刘骏的骨头还算比较硬,可其他人比刘骏就差远了,都是些混官场的琉璃蛋子,贪生怕死,见鲜卑铁骑狂奔而来,吓的都逃了。鲜卑人不费一箭一矢,连得数城,仅仅用了三天,魏军就打到了淮河边上。
在此前一天,刘义隆已经得到拓跋焘南下的消息,惊骇万分,这索头虏胃口不小,想一口吃了他。刘义隆下诏全国进入紧急状态,建康城通宵戒严。刘义隆很担心徐州的弟弟和儿子,在徐州被困的时候,就派辅国将军臧质率军北上救徐州,不过当这支宋军来到盱眙(今江苏盱眙)时,正遇上浩荡南下的鲜卑兵。
臧质为了杀杀鲜卑人的威风,让冗从仆射胡崇之、积弩将军臧澄之带兵守住东山,建威将军毛熙祚守前浦,准备绊一绊拓跋焘的马蹄子。拓跋焘听说有人要劫他的财路,二话不说,带着弟兄们就杀。魏军气势如虹,一战就拿下东山,随后又打掉前浦宋军,胡崇之、臧澄之、毛熙祚战死。臧质吓的带着残存的七百个弟兄逃进了盱眙城,与盱眙太守沈璞合兵死守。
拓跋焘虽然啃了几块骨头,但都没吃到什么肉,魏军此次南下,平时给养全靠就地抢夺。拓跋焘打听到盱眙城中粮食多,立刻转头打盱眙,抢来粮食分给弟兄们吃。不过沈璞也不是个善茬,宋军还是能打的,拓跋焘攻了几回,一点便宜没点到。

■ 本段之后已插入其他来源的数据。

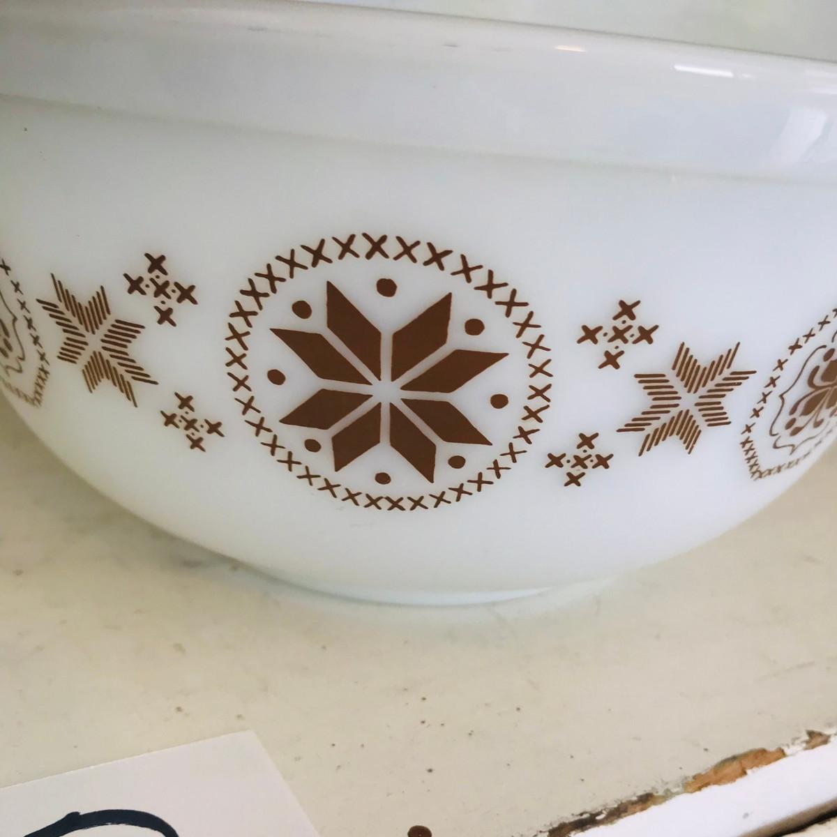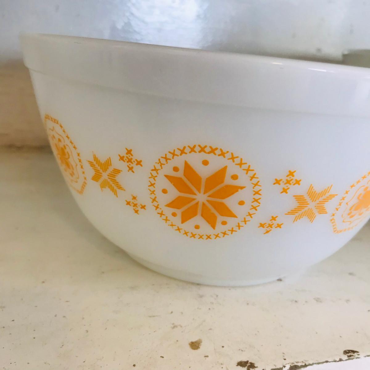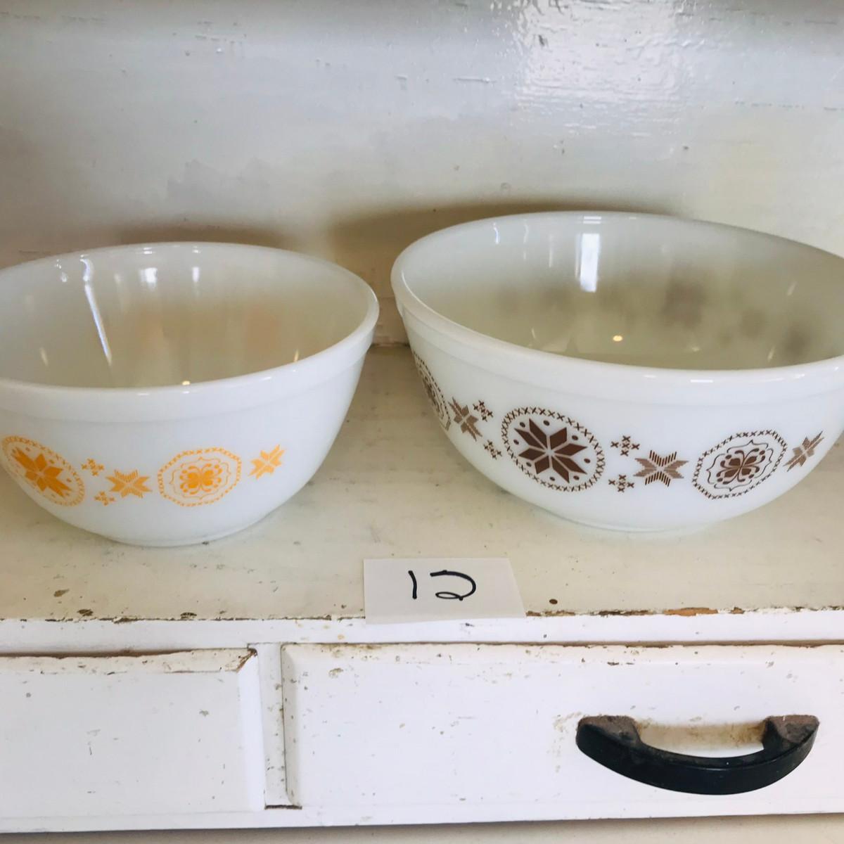 They did several patterning variations on the mixing bowls. This set is the early version. Later the smaller bowls were solid colored. Very nice two bowls! These are the 402 & 403.
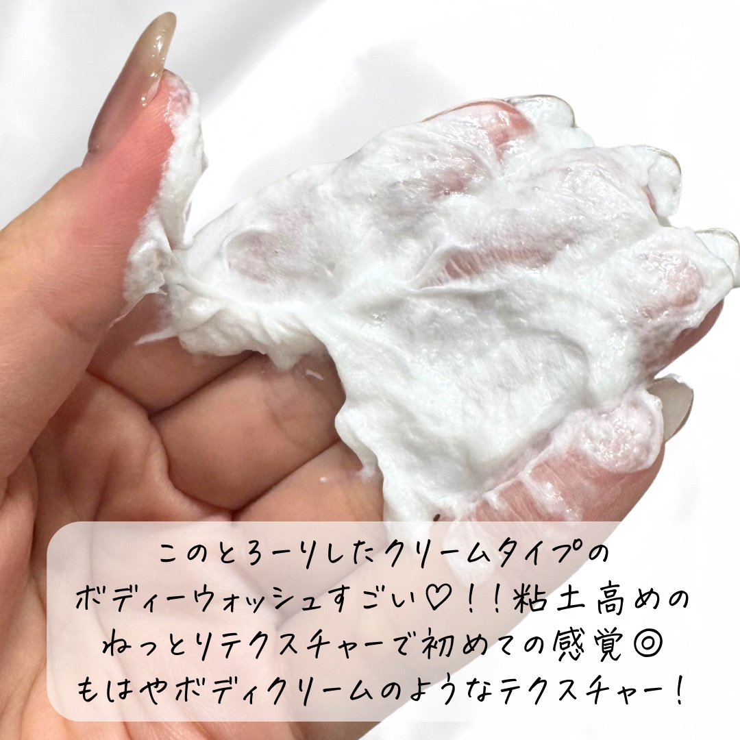 クリームタイプのボディウォッシュ😳! ピンポン玉大を手に取ってそのまま肌に伸ばして洗います👏 ボディクリームがいらないくらいもっちり潤いの洗い上がり🥰! スクラブと混ぜて使ったり泡立てて使うのもおすすめ🙌

盱眙城转危为安,首先要感谢沈璞,当初沈璞来盱眙上任时,就知道将来这里必有大仗要打,提前做好应战准备,修城蓄粮,多备弓矢。当时许多人都反对沈璞这样瞎折腾,连刘义隆都觉得沈璞吃饱了撑的。现在来看,要不是沈璞有战略远见,盱眙早被拓拔焘给拿了。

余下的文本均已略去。